Delta's Royalty showed promise as a juvenile, winning on debut at Kempton, but it would be her lone victory in five starts through the end of her 3-year-old season. Leon said he was offered “a lot of money” for Delta's Royalty following her maiden win, but his priority with the filly was always clear. After losing Royal Delta so abruptly, Leon wasn't going to take any chances when it came to extending the bloodline.
Video courtesy of British Racing: Invest In The Best / Great British Racing International
Already by one of Europe's tentpole sires in Galileo, Delta's Royalty was bred to another of those tentpoles in Dubawi for her first mating. That foal, a colt, arrived on Feb. 5. Much like his mother, the new colt has a generational task ahead of him, but Leon said they'll both have a home with him to achieve it.
“I'm not going to sell him,” Leon said about the young colt. “I'm not going to sell any of these horses. You should never say never, because something happens and you do the opposite, but my intent is to breed those horses to the best horses in Europe, raise those horses and run those horses over there, and enjoy the process, and down the road, we'll see what happens.
“I have all the faith in the world that Delta's Royalty will give us something very special,” he continued. “For me, that's one of my jewels, and I'm going to stick with her until the end of time. That's the relationship I have with Delta's Royalty – 'til death do us part' – like I had with her dam.”
After a season of turning inward with his operation, Leon said he might be ready to begin expanding again on both sides of the Atlantic and establish a global-quality turf program.
“I have bred a few horses in England and Ireland with the intent of hopefully coming up with something special on turf so I could compete there,” he said. “If we have something that wins, and it's special in Europe, it would be a very special turf horse in the U.S. after that. It'll be someday that we'll be flying [Delta's Royalty] back to the U.S. to breed to some U.S. studs, but not until we're finished breeding her to the best horses in Europe, that we believe could be a good match.

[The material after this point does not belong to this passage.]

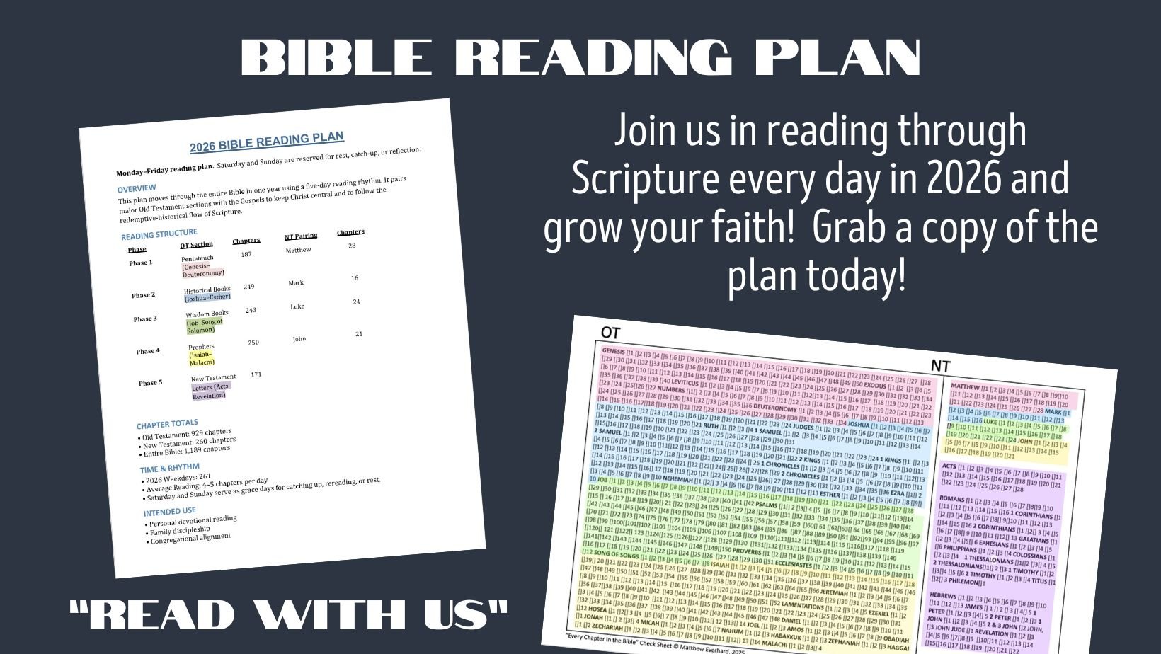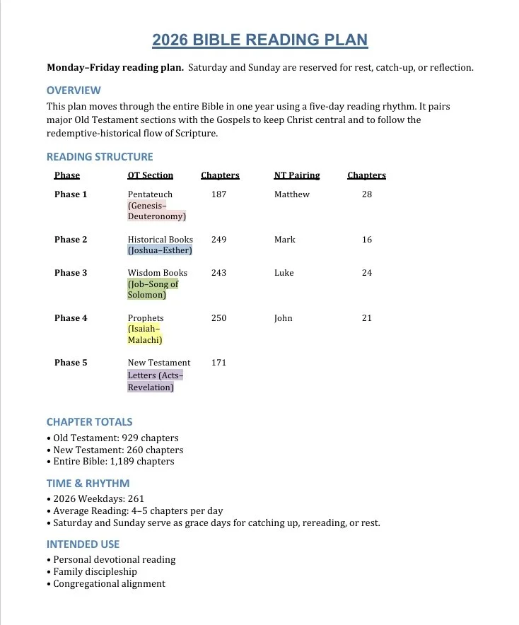 Committing to read the Bible is an important goal every Christian should have and we want to help you reach it. Start a new in ’26 by reading through the whole Bible in just one year! You can follow the plan below and if you’d like to keep a copy for yourself, simply click the “Download Plan” button.

“I think we'll be buying some horses over there (in Europe), too, but I don't know if we'll start doing that this year or the following year,” Leon continued. “Most likely, it'll be next year. I should be able to be at the sales over there next year, and hopefully I can make an acquisition that will turn out to be like Royal Delta.”
Leon was scheduled to make a trip to England in late September to visit his European broodmare band, and plan their future matings. Plans were still in the air for Delta's Royalty when he spoke with GBRI, but he said Crown Queen would be returning to the U.S. to breed to a domestic stallion.
Crown Queen, by Smart Strike, was bred to Empire Maker for her first mating, and produced the colt Queen's Empire in 2017. He became a stakes-placed steeplechaser.
She was bred to Galileo for the 2018 foaling season, but the ensuing colt died as a yearling due to an injury. She produced a Dubawi colt in 2020, a Frankel colt in 2021, and a Kingman filly in 2022.
Where and how Besilu Stables plans to succeed might look different, but Leon said the mission has never changed since day one, even if his place in the spotlight has.
“I've had the gift of God of experiencing those top moments in the Thoroughbred industry, and I have the intention of never leaving the Thoroughbred industry,” Leon said. “Even at a lower volume of horses, I believe in quality. I think quality will always reign.”